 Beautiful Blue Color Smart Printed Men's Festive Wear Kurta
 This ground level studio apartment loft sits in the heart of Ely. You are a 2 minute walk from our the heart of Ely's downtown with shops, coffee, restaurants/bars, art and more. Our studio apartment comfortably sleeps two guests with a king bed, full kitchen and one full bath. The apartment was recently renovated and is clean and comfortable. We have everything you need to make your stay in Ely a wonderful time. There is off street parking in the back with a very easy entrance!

****

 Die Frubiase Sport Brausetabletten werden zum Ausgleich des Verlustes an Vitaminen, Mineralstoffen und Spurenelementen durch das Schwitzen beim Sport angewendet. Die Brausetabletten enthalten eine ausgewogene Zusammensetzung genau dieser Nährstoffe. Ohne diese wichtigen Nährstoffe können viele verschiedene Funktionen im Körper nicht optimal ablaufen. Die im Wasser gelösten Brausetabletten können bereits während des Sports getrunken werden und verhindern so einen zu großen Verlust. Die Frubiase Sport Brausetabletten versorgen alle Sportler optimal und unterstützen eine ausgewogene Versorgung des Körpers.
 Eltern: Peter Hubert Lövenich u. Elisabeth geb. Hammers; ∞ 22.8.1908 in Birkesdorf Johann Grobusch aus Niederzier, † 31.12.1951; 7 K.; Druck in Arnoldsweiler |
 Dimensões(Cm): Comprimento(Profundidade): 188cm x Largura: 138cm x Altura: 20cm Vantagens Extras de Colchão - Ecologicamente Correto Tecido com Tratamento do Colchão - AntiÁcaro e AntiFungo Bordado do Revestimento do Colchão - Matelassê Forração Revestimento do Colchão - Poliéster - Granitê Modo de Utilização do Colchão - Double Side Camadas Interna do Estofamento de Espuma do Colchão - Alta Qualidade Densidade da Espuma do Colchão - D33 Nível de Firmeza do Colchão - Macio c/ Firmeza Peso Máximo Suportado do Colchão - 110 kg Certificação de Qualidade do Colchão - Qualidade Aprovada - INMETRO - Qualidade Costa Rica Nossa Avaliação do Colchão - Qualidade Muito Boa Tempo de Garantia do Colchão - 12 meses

****

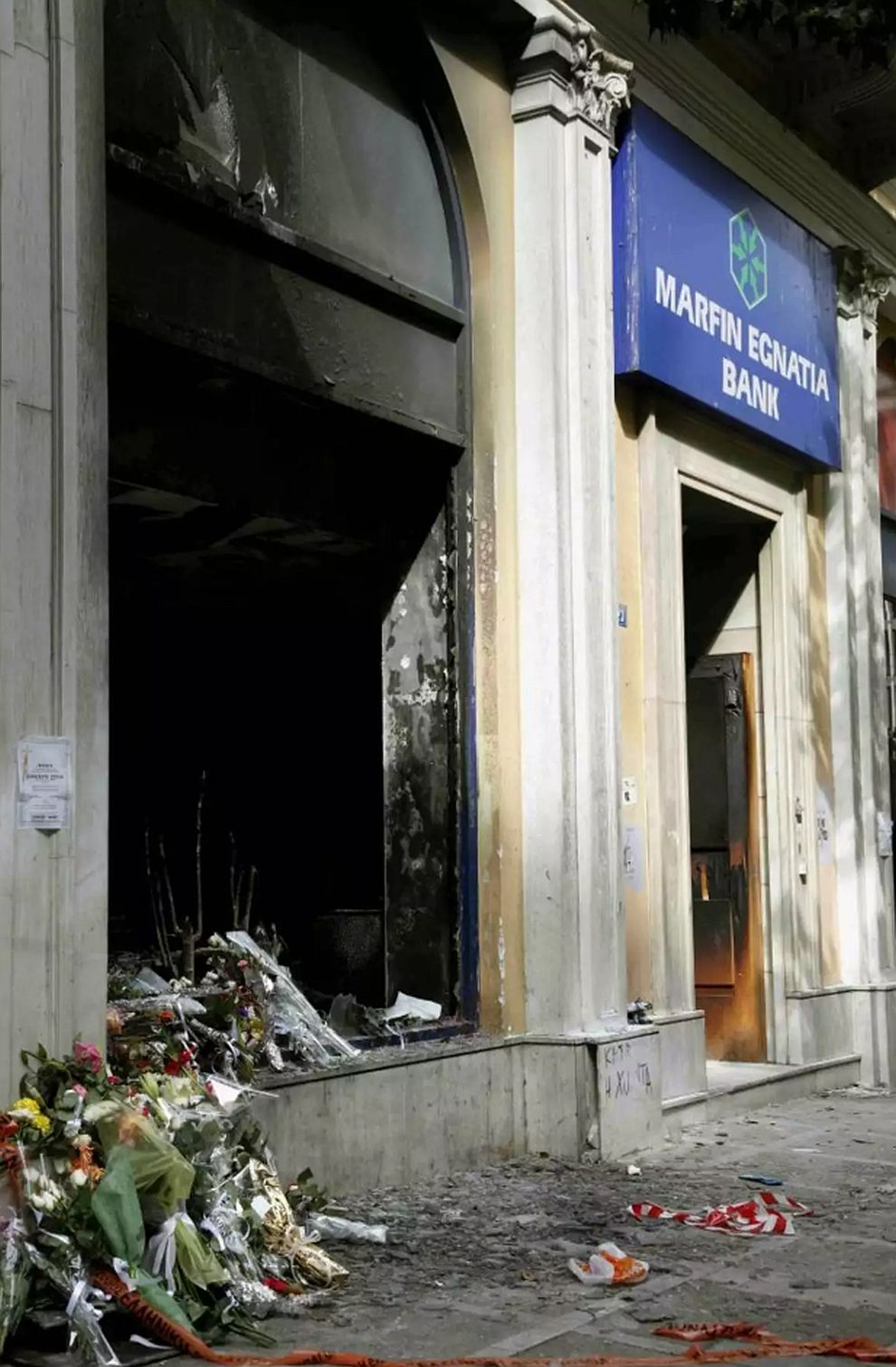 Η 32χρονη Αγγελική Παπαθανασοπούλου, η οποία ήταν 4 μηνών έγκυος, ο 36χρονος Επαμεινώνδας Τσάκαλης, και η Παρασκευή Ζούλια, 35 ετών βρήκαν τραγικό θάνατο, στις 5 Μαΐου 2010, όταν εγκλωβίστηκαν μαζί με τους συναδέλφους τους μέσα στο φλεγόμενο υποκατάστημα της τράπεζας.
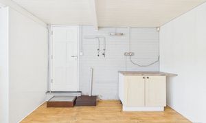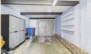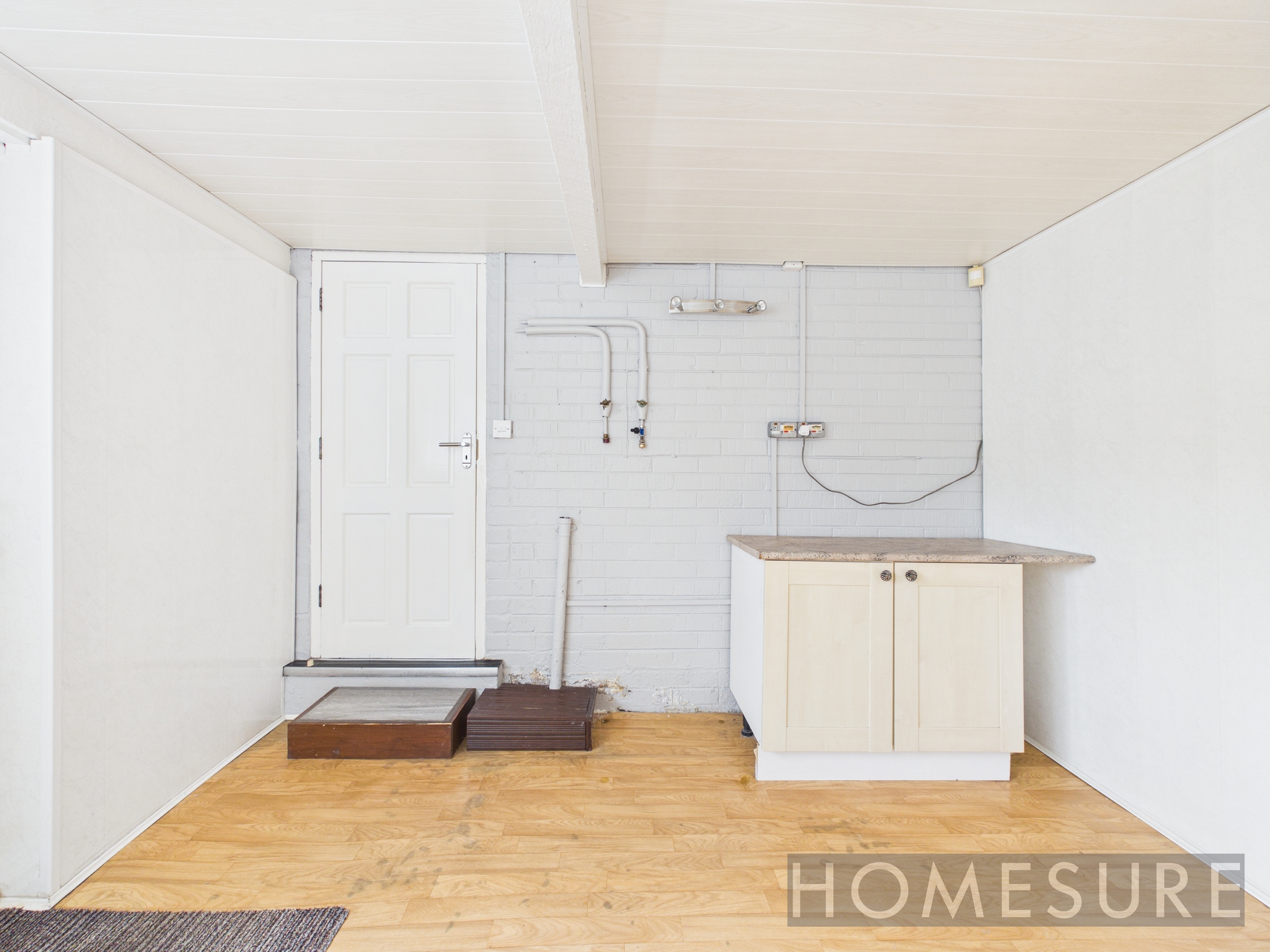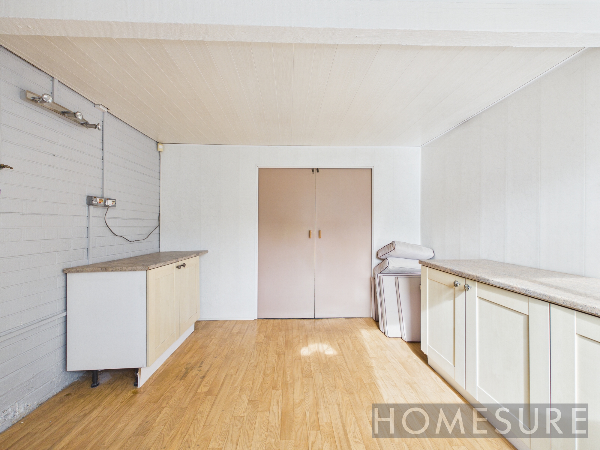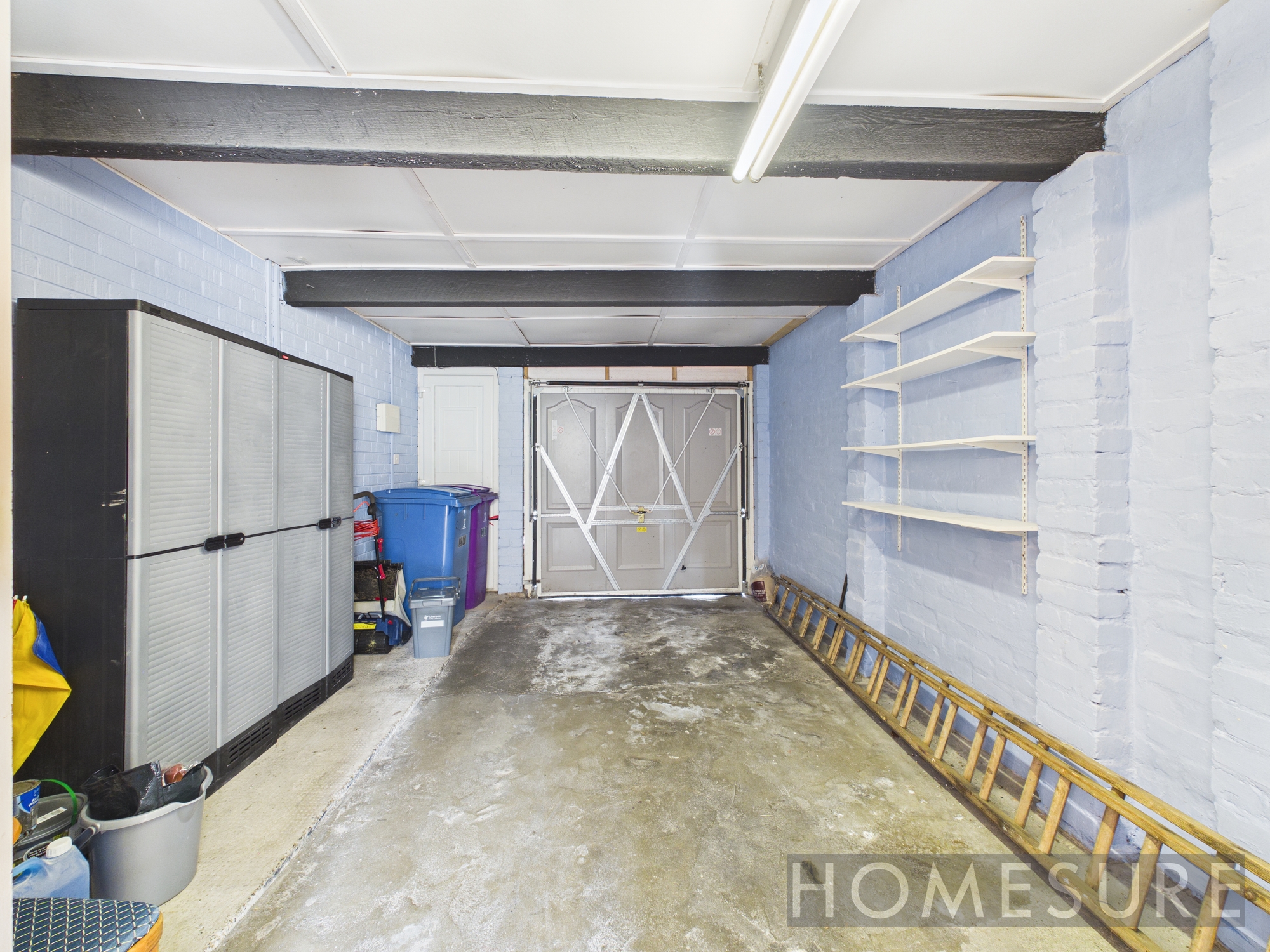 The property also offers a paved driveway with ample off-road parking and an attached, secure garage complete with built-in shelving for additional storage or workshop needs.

****

Nothing but the lines above, starting at the line that contains "Η 32χρονη Αγγελική" and ending at the line that contains "The property also", should be given again, exactly and without the pictures.

PROBLEM SOLUTION »
 Η 32χρονη Αγγελική Παπαθανασοπούλου, η οποία ήταν 4 μηνών έγκυος, ο 36χρονος Επαμεινώνδας Τσάκαλης, και η Παρασκευή Ζούλια, 35 ετών βρήκαν τραγικό θάνατο, στις 5 Μαΐου 2010, όταν εγκλωβίστηκαν μαζί με τους συναδέλφους τους μέσα στο φλεγόμενο υποκατάστημα της τράπεζας.
 The property also offers a paved driveway with ample off-road parking and an attached, secure garage complete with built-in shelving for additional storage or workshop needs.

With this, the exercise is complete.